From the Documentary "Shakespeare was a Big George Jones Fan: Cowboy Jack Clement's Home Movies"

Monday, August 14, 2017

Trap Revival: Moneybagg Yo & the Second Coming of CMG

Posted By on Mon, Aug 14, 2017 at 3:54 PM

Moneybagg Yo - TRAVIS WHITESIDE
  • Travis Whiteside
  • Moneybagg Yo

There wasn’t a group prayer, but the anticipatory energy, the pop and rumble from the crowd, and the obligatory smoke (fog and otherwise), called for one. Someone in the hallway backstage at Minglewood Hall Friday night obliged. “You done turnt up on the city, mane,” the voice said. “The city f*ck with you.” Shouts of affirmation went up in succession and crescendo, rolling through the hallway.

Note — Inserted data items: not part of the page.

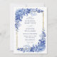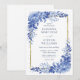 Invitation Fleurs blanches et bleues Cadre doré Mariage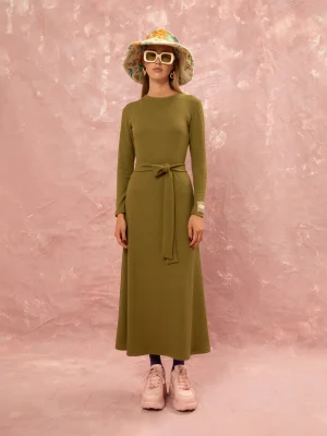 KNITTED RIBBED DRESS – LIME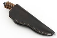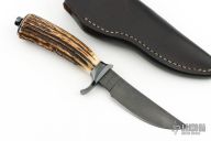 This knife by Jerry Rados features a Damascus blade with a distal taper, .166" blade stock and .962" blade depth, hidden tang construction. The handle has a blued steel guard and butt with a nice stag grip. Comes with a brown leather sheath. This knife is a full takedown design. Has some patina, excellent condition otherwise.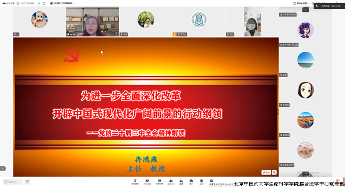 3月28日下午,整合医学中心党支部携手北京化工大学机电工程学院塑机所党支部、北京大学第三医院疼痛科党支部等9个党支部,共同开展了支部共建共学主题教育活动。本次活动聚焦深入学习贯彻党的二十届三中全会精神,邀请辽宁省党校冉鸿燕老师担任主讲,旨在加强各党支部间的交流合作,提升党员理论素养,推动党建工作与实际业务深度融合。

Then the crowd of some four dozen folks, more church family than rap posse or crew, climbed the steps up to the stage to bask in that fact and prophecy. Before the sold-out crowd and with Moneybagg Yo at the front, Yo Gotti’s Collective Music Group continued its award tour on the home court.

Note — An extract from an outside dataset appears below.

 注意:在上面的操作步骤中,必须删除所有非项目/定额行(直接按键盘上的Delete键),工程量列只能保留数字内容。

The three dollar pop-up show, announced the same week, quickly sold out, a testament to Moneybagg Yo’s particular appeal, CMG’s enduring and broadening popularity, and the evolution of live music consumption in the city. Ostensibly, the show was a celebration of the release of Moneybagg Yo’s Federal 3x, the debut album follow-up to mixtapes Heartless (2017) and 2 Federal (2016). The release of February’s Heartless was accompanied by a show at The New Daisy, now familiar (if contentious) turf for hip-hop artists of all varieties. But Minglewood has become a marker of a rising hip-hop star’s ascent and a corollary to FedEx Forum. The call and response between Yo and Gotti, first deployed on the collaborative mixtape 2 Federal, was manifested here: If Yo Gotti’s birthday bash at FedEx Forum in June was an apex, Moneybagg Yo’s Minglewood show was a signal of what is to come from CMG. Friday's show kicked off a run for the artist that includes stops in Atlanta, New Orleans, and Philadelphia.

Moneybagg Yo - TRAVIS WHITESIDE
  • Travis Whiteside
  • Moneybagg Yo
Moneybagg Yo, like CMG compatriot Blac Youngsta, is part of a second generation of the label’s trap artists, men chronicling loss, trauma, gun violence, and intimacy live from the underground drug economy. Yo, however, pushes the mechanics and intricacies of the trap to the background, marshaling a heavy but nimble flow to ruminate on relationships, friends lost to incarceration and murder, and the specific perils of success and fortune. Across 2 Federal favorites, including “Doin’ Too Much,” “Pull Up,” “Lil Baby,” and “Reflection,” and adding new tracks from Federal 3x like “Doin’ It” and “Insecure,” the performance barreled forward with the undeniable rhythms of trap and Moneybagg Yo’s deft cadences.

There were no flourishes or live show transitions. Show openers, including M-Squad Entertainment’s Heroin Young and BlocBoy JB, were community favorites, and there wasn’t a set list per se. But the crowds, on the stage and on the ground, were there for a collective celebration of trap Memphis, trap music, and the ascension of yet another CMG artist to the global stage. The crowd all but expected Yo Gotti, such that when he arrived towards the end of the set and performed “Rake It Up,” the celebration reached a simultaneous fever pitch and relief.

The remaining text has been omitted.